The new report, "BPA in Kids' Canned Food," found BPA in the following canned food products (levels measured in parts per billion, or ppb, average of two samples):
• Campbell's Disney Princess Cool Shapes, Shaped Pasta with Chicken in Chicken Broth 114 ppb
• Campbell's Toy Story Fun Shapes, Shaped Pasta with Chicken in Chicken Broth 81 ppb
• Earth's Best Organic Elmo Noodlemania Soup, USDA Organic 38 ppb
• Annie's Homegrown Cheesy Ravioli, USDA Organic 31 ppb
• Chef Boyardee Whole Grain Pasta, Mini ABC's & 123's with Meatballs 20 ppb
• Campbell's Spaghettios with Meatballs 13 ppb
"In all of these products—but particularly in the Campbell's Disney Princess and Toy Story soups—a child-sized serving could result in BPA exposure at a level of concern," says Gretchen Lee Salter, policy manager at the Breast Cancer Fund. "Consider the number of servings of canned foods—soups, pastas, vegetables, fruits—that a child eats in a week, in a year, and then throughout her developing years, and you start to see the urgency of getting BPA out of food cans."
"This report shows the that we're all part of a big experiment to see what BPA will do to our kids and us," says William Goodson, M.D., a breast cancer surgeon and senior clinical research scientist at California Pacific Medical Center Research Institute, who just last week published a study showing that BPA causes non-cancerous cells to grow and survive like cancer cells. "We weren't given any choice about being in this experiment, and it's time for that to change."
Research has also uncovered a relationship between household income and BPA exposure, showing that people with the highest BPA exposure are from the lowest income groups. This data may be attributed to the fact that canned foods are usually cheaper, last longer and are more readily available in low-income neighborhoods than fresh foods.
In response to these findings, the Breast Cancer Fund is launching a "Cans Not Cancer" campaign, urging manufacturers to replace BPA with safer alternatives. Sample consumer letters to Campbell's and other companies highlighted in this report can be found at www.breastcancerfund.org/cansnotcancer.
"Every day, children are being exposed to BPA through canned foods marketed to them using slick advertising and their favorite characters," said Salter. "The Breast Cancer Fund's Cans Not Cancer campaign is about our health, our children's health, and a safer future where breast cancer rates have dropped because we've reduced our exposure to toxic chemicals."
Some canned food companies are already switching to a BPA-free can liner or changing their food packaging altogether. Eden Foods, for example, uses an oleoresinous c-enamel, which is a mixture of an oil and a resin extracted from plants, for some of its canned foods. While some other companies say they are using BPA alternatives, they are not transparent about the alternatives they are using.

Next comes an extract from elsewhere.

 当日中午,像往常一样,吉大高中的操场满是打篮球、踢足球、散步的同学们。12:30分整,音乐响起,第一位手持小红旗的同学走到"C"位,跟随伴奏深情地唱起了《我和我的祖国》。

At the public policy level, 10 states have restricted BPA in infant food containers. While these laws do not cover the kinds of canned foods tested in this study, they send a strong signal to the marketplace that states are taking action to protect children from harmful chemicals in food packaging. In addition the Breast Cancer Fund is supporting pending federal legislation authored by Rep. Ed Markey, D-Mass., that would ban BPA from all food and beverage containers.

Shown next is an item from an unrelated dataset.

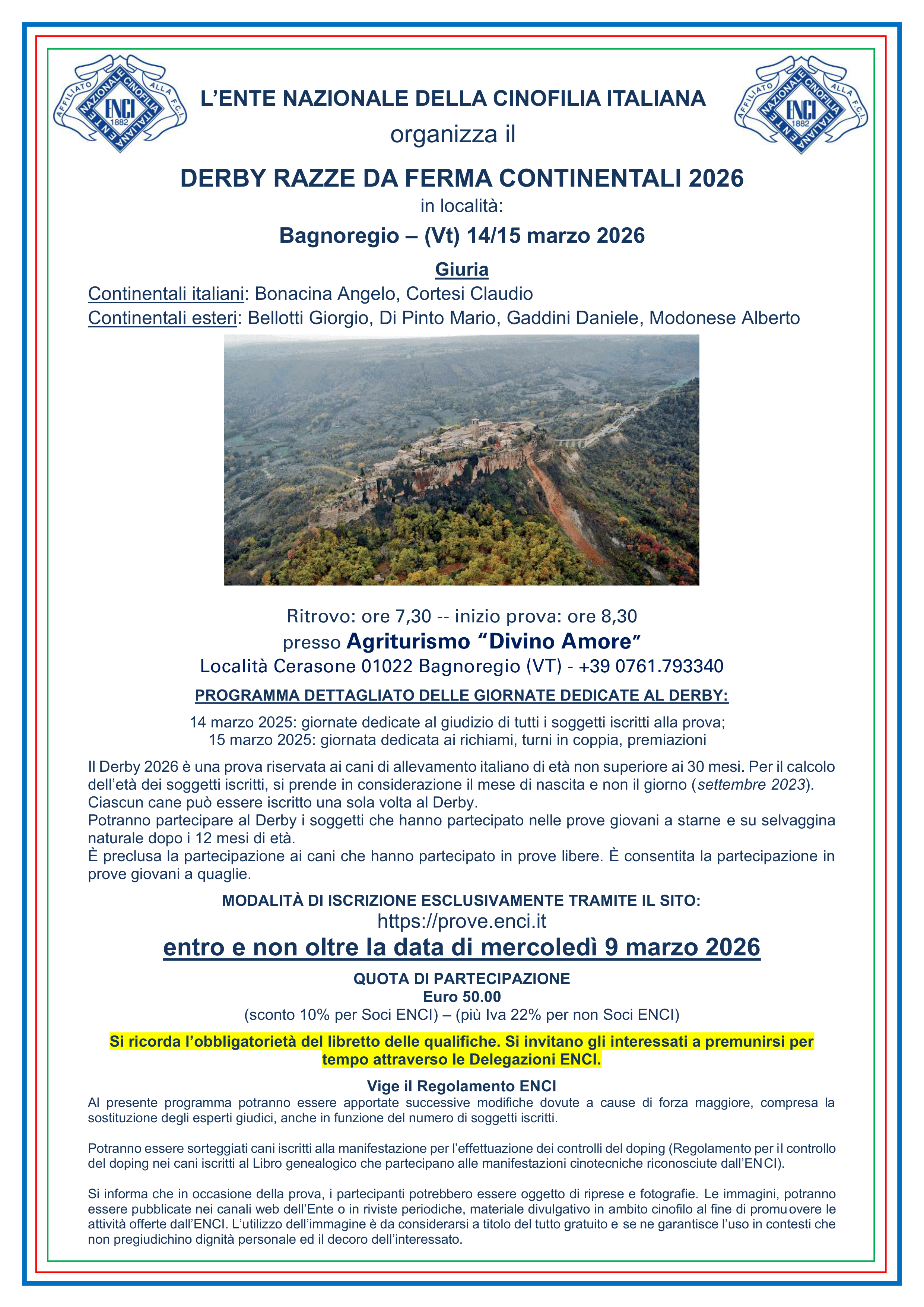 PROGRAMMA DERBY PER LE RAZZE DA FERMA CONTINENTALI 2026

The "BPA in Kids' Canned Food" report also lists a number of convenient alternatives parents can use in place of canned food including dry or frozen pasta, boxed macaroni and cheese, soups in Tetra Pak cartons (70 percent paperboard combined with thin layers of low density polyethylene and aluminum foil) and frozen or fresh fruits.
The report can be downloaded at www.breastcancerfund.org/bpakids.
Source: Breast Cancer Fund
.
-
It would make it much easier for those of us who are trying to warn the world about the dangers of plastics (esp warm/heated) plastic, if you would put a Facebook (F) share option on your reports. That's how everyone communicates now, so you are limiting your exposure.
Separate matter, but of much concern to us & could affect millions. We just had to replace our water heater. We had to go w/o hot water for 9 days until they could find a titanium heating element & lines THAT ARE NOT ALL THE PLASTIC FLEX TUBING that the bldrs love, the oil lobbiest are happy to push a byproduct that would have to pay to dump. My question is this: when will someone test this (hot/warm) plastic tubing to see if it is the asbestos of 2000? How many will have to die?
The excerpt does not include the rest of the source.